Hanan Arab
Ludmila, we often receive questions about limited versus unlimited contracts for employment. What are the major differences between the two in relevant terms?
Ludmila Yamalova
Let me start with the definition of a limited contract versus an unlimited contract. It’s a very simple principle. For a limited contract to be limited it needs to have a start date and an end date. For example, it could say the start date is January 1, 2018 and the end date is January 1, 2020, or it can say the start date is January 1, 2018 and the end date is two years from that date. That would be considered a limited contract.
An unlimited contract is the one that only has a start date. It does not have a reference to either an end date or the duration of the contract. In simple terms, that is the difference and the definition between a limited and an unlimited contract.
In terms of the application of the labor law and the differences between limited and unlimited contracts in terms of benefits and rights to employees and companies, in relevant terms, and they are as follows:
If you have a limited contract, the difference comes into play between termination and resignation. If an employee on a limited contract is being terminated, then he or she is entitled to the full end of service. It may be based on the duration of the employee’s employment, plus arbitrary dismissal. Arbitrary dismissal in limited contracts is the full three months of monthly salary.
For example, an employee is in a three-year employment contract and has been terminated a year and a half into his employment. The company has to pay by default three months of salary, and that will be total salary, not basic salary but total salary, as compensation for arbitrarily dismissing that employee prior to the expiration of the contract.
If the employee resigns on a limited contract, then he or she walks away from the end-of-service payments. Let’s say an employee worked for a company for four and a half years and otherwise would be entitled to 21 days of basic salary for every year of service. If he or she resigns prematurely, let’s say it is a five-year contract and the employee resigns four and a half years into it, they walk away from all of that end of service, plus they will be required to pay 45 days or a month and a half of salary as compensation for terminating a limited contract prematurely. That’s in the case of a limited contract.
If a contract is unlimited, again the differences come into play between termination and resignation. In the termination case when an employee is being terminated, they would have to be paid end of service, plus arbitrary dismissal that will be calculated on the basis of up to three months of total monthly salary.
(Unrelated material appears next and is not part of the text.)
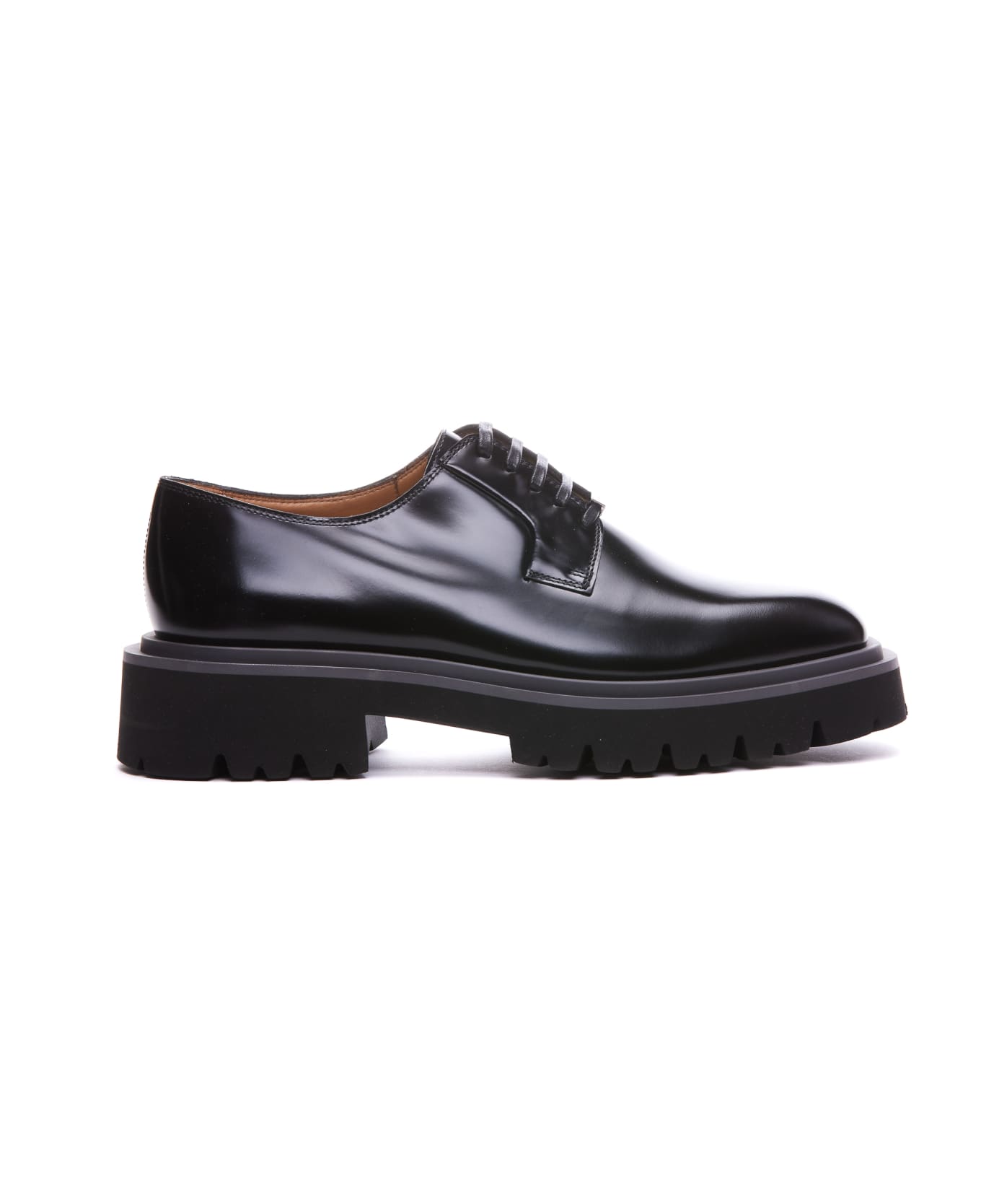 Salvatore Ferragamo black Flicker lace up shoes, round toe, leather upper and rubber sole, patent effect Composition: 100% Patent Leather / Rubber Sole

Whereas in the limited contract, the company’s obligation to pay for arbitrary dismissal is three months. It is not subject to any interpretation or offsets. In the limited contract, it’s up to three months, so it’s for the court to decide whether it should be one month, or it should be three months. As a general rule based on experience, the longer an employee works for a company, the higher the chances that the courts will award the full three months of arbitrary dismissal even in cases of unlimited contracts.
If an employee resigns in an unlimited contract, then there are two different scenarios in terms of how the end of service is calculated or reduced. Once again, an unlimited contract and a resignation. If the employee resigns between year one and three, he or she is entitled to one third of end of service, which ends up being about one week of basic salary for every year of service. If the employee resigns between year three and five, then he or she will be entitled to two thirds of end of service, which ends up being 14 days of basic salary for every year of service.
For example, an employee resigns on year two, which is between years and one and three, and with the basic salary of 15,000 dirhams, so he will receive 5,000 dirhams for every year of service which for two years of service would be 10,000 dirhams. If the employee resigns between, let’s say on year four, between years three and five, on the same salary of 15,000, he will receive 10,000 dirhams for every year of service, which would be 40,000, which is 10,000 for every year of service, being four years, 40,000 dirhams.